→ **YOUR TASK**
Reproduction of part of the material below, pictures omitted: copy exactly, and only, the lines starting with the one with "Peinture à l’huile" and going on through the one with "职业书画家 一念 荷花组合".

→ **AVAILABLE RECORDS**

──────

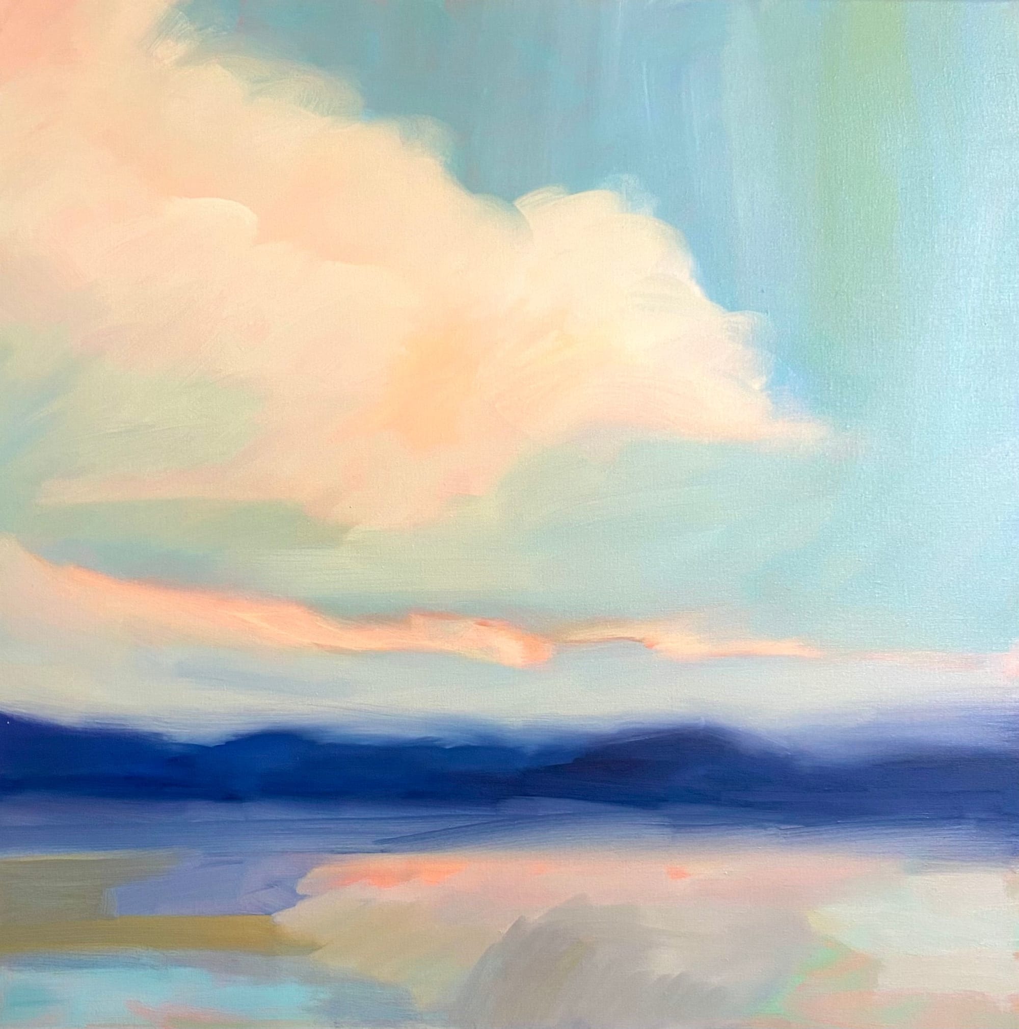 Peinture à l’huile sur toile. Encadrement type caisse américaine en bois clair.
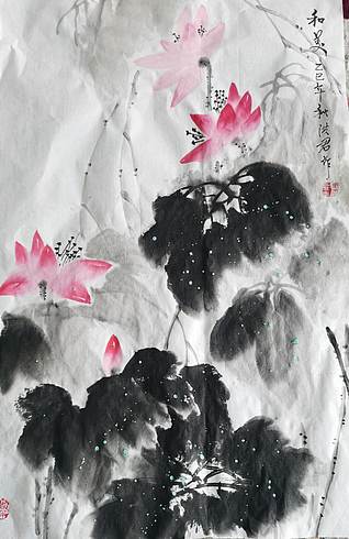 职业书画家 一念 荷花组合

──────

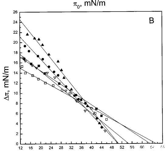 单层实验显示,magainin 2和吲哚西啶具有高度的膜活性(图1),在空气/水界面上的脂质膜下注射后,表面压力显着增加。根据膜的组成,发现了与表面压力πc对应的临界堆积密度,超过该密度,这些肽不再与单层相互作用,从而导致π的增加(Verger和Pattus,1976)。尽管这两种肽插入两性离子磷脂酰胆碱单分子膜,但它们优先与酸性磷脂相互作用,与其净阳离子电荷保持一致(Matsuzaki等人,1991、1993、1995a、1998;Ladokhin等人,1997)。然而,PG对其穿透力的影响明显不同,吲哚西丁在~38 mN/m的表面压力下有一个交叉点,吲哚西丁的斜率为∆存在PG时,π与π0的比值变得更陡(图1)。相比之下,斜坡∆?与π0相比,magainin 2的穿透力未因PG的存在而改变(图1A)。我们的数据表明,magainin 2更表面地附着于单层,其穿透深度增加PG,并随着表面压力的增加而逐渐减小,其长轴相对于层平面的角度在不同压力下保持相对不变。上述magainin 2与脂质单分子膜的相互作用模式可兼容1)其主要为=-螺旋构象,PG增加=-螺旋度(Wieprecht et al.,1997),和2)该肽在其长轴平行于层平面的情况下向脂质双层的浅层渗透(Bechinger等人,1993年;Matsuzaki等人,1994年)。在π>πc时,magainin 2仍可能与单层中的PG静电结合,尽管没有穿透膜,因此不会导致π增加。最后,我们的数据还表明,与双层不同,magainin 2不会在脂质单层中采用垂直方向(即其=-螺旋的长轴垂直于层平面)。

──────

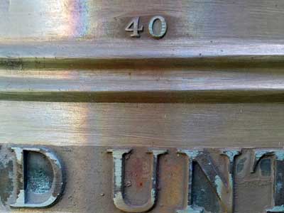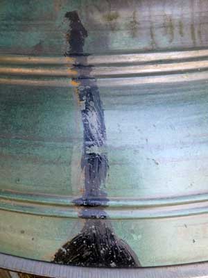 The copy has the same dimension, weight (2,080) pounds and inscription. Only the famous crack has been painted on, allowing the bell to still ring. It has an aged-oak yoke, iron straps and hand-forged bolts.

──────

→ **ANSWER TO THE PROBLEM**
 Peinture à l’huile sur toile. Encadrement type caisse américaine en bois clair.
 职业书画家 一念 荷花组合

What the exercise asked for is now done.